South Africa 349 for 9 (De Kock 91, Bavuma 89, Philander 36*, Morkel 31*, de Grandhomme 3-33) lead New Zealand 268 by 81 runs
South Africa were taken from the potential of a significant deficit to a substantial lead by a rollicking seventh-wicket stand of 160 between Temba Bavuma and Quinton de Kock on the second day in Wellington. They transformed a pre-lunch position of 94 for 6 with the most dominant batting of the series to date and, although both fell short of hundreds, South Africa closed with a lead of 81 after the last-wicket pair added further frustration for New Zealand.
While the South African pair batted superbly, New Zealand will ponder how things raced away at such a rate after they had managed to rumble the top order during the morning session. Colin de Grandhomme, who finished with 3 for 52, claimed the key duo of Hashim Amla and Faf du Plessis while Neil Wagner continued JP Duminy’s frustrating tour. From the lowest ebb of South Africa’s innings the last four wickets managed to amass 255 runs from 65 overs.
Both first innings followed similar patters: New Zealand had recovered from 101 for 5 through a stand of 116 between Henry Nicholls and BJ Watling on the opening day. As the ball grew older, the bowlers struggled to keep control, knocked back by the aggression shown by de Kock who won his little duel with Jeetan Patel for first time on the tour. Crucially, Patel could not strike or provide control for Kane Williamson while South Africa recovered as he conceded five-an-over in his first 10 overs.
The gamesmanship card had been played when de Kock arrived in the middle shortly before lunch as Patel was given the last over of the session to target the man he had removed in the previous four innings. This time, despite the occasional hairy moment as de Kock refused to be dominated, he came through either side of lunch and then started to cut loose against the quicks.
He upper cut Tim Southee over the slips for six and hooked Wagner onto the grass banks. At one stage, as he negotiated Patel, de Kock had 17 off 33 balls but then skipped to his half-century from 55 deliveries as the mood of the day swung back to South Africa. The short-pitched approach did not fluster him – it was arguably over-done – and Kane Williamson was soon on the retreat – a packed slip cordon replaced by scouts on the boundary.
When Patel returned for a second spell before tea, de Kock skipped down the pitch and deposited him straight down the ground. No doubt about the winner this time. He was nine away from a fourth Test hundred when he pushed out at a delivery from James Neesham, who produced a wholehearted burst shortly before the new ball, at a time when New Zealand were looking a little short of ideas.
Bavuma took a backseat once de Kock found his stride after coming through an early trial from the short ball. He had one fortunate moment when he spliced a pull which lobbed over mid-on as de Grandhomme lost his footing. As the afternoon progressed, having batting in de Kock’s slipstream, he became far more assured and moved to his fifty from 88 balls.
His off-side driving, off front and back foot, was especially eye-catching and a significant moment – a first overseas century – was on the horizon when he got underneath a pull and found deep square leg.

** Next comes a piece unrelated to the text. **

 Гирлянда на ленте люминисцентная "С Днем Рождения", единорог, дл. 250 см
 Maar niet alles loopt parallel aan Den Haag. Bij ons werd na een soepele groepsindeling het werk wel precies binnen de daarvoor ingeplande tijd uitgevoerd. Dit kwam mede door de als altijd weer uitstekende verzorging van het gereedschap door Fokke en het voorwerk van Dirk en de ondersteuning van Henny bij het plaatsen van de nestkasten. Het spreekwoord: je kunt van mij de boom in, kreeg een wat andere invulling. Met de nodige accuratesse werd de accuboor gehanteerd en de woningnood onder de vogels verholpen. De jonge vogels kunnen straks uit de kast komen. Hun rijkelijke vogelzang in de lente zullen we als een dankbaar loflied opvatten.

But having come into the tour under a modicum of scrutiny, after a lean series against Sri Lanka, it has been a resounding response from Bavuma following his half-century in Dunedin. However, New Zealand could not wrap things up swiftly as Vernon Philander and Morne Morkel added an unbroken 47 for the last wicket, which included a concerning moment when Morkel took a blow on the helmet from Southee but he managed to finish four short of his best Test score.
How South Africa needed the recovery act. They had resumed on 24 for 2 with both openers already dismissed and Kagiso Rabada, the nightwatchman, soon joined them when Southee swung one through him in his first over. It did not take Wagner long to strengthen New Zealand’s position when, with his seventh ball of the day, and first to JP Duminy, he claimed him for the third time in the series courtesy of a loose flick which picked out midwicket.
De Grandhomme then followed Southee after an eight-over spell with success coming almost immediately when Amla, still struggling to find his best form, could barely believe he had picked out midwicket against a delivery on his pads he would normally ease away for runs. Henry Nicholls, the star of the opening day for New Zealand, could not take the catch at the first attempt but was able to grab the rebound: when things run your way, make the most of them.
Faf du Plessis appeared keen to try and wrestle back the situation with aggression – top-edging Wagner for six when he was not in control of the pull – and shortly before lunch inside-edged a drive against de Grandhomme with BJ Watling taking a low catch. At that stage even parity was a long way off, but in a series that has produced six days of counterpunches, South Africa threw the latest of them. It could be a decisive one.